Na prática isso tudo significou uma grande “fuga para frente” , apoiada em ataques às condições de trabalho e de vida da classe operária e das massas; no crescente papel dos mecanismos financeiros para a obtenção de um lucro impossível de investir de maneira produtiva; na busca por nichos específicos (como os novos ramos tecnológicos) ou novas áreas para exploração capitalista (como foram os países stalinistas que sofreram processos de restauração) que permitissem valorizar capitais, apesar de que nunca de maneira durável e generalizada.

Finalmente, com o esgotamento dos sucessivos nichos de acumulação e com a explosão das bolhas de crédito nos EUA, com repercussões em todo o mundo, surgiram as condições para a crise atual.

A renovada atualidade do Programa de Transição
Finalizamos o seminário, após uma profunda reflexão coletiva que abrangeu os distintos momentos do imperialismo como época de crises, guerras e revoluções, analisando como esses três elementos se combinaram de distintas formas e com diverso peso relativo em cada conjuntura histórica.

Nesse sentido, ao mesmo tempo em que se comprovou que o Programa de transição possui uma vigência histórica que permanecerá viva enquanto prossiga o declínio imperialista do capitalismo; por outro lado, destacamos como ele ganha sua máxima atualidade prática precisamente nos momentos de crise aguda de decomposição do sistema capitalista, como a que estamos assistindo agora.

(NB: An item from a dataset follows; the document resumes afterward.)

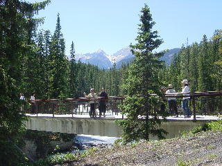 アイスフィールドパークウエイより分かれて、ヨーホー国立公園に向かう。分かれて間もなく、ヨーホー国立公園とブリティッシュ・コロンビア州の看 板がある。それを過ぎてワプタ・レイクを通過する。峠を越えて、キッキングホース川に出て、大陸横断鉄道の乗務員交替駅であるフィールド駅を通過して、脇 道に入る。
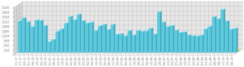 სტატისტიკა დღეების მიხედვით:     ან ბოლო დღის სტატისტიკა

Sua combinação de consignas mínimas (as reivindicações elementares da classe operária que possuem força vital, isto é, potencial de mobilização), democráticas (ligadas às demandas históricas que a burguesia não póde cumprir nos países de desenvolvimento atrasado, como a questão da terra e a luta anti-imperialista), as reivindicações transitórias (mais diretamente ligadas à necessidade de o proletariado tomar o poder e reorganizar a produção sobre novas bases racionais) e de organização do movimento operário (luta pela independência de classe nos sindicatos, os comitês de fábrica,. a milícia operária, os sovietes), articuladas num sistema de reivindicações que aponte clara e abertamente à necessidade de que a classe operária tome o poder político encabeçando as grandes massas exploradas e oprimidas, constitui a única resposta realista frente à decomposição do capitalismo e os brutais ataques com que a burguesia tratará de redobrar as cadeias da escravidão assalariada.

Nesse sentido, enfrentar cada luta, cada conflito da luta de classes, como uma escola de guerra na qual pór em prática o método do Programa de Transição é o caminho para forjar a vanguarda, organizada em partido revolucionário, capaz de estar à altura dos embates decisivos entre revolução e contra-revolução que, a depender da profundidade da crise estrutural do capitalismo, virão mais cedo do que tarde.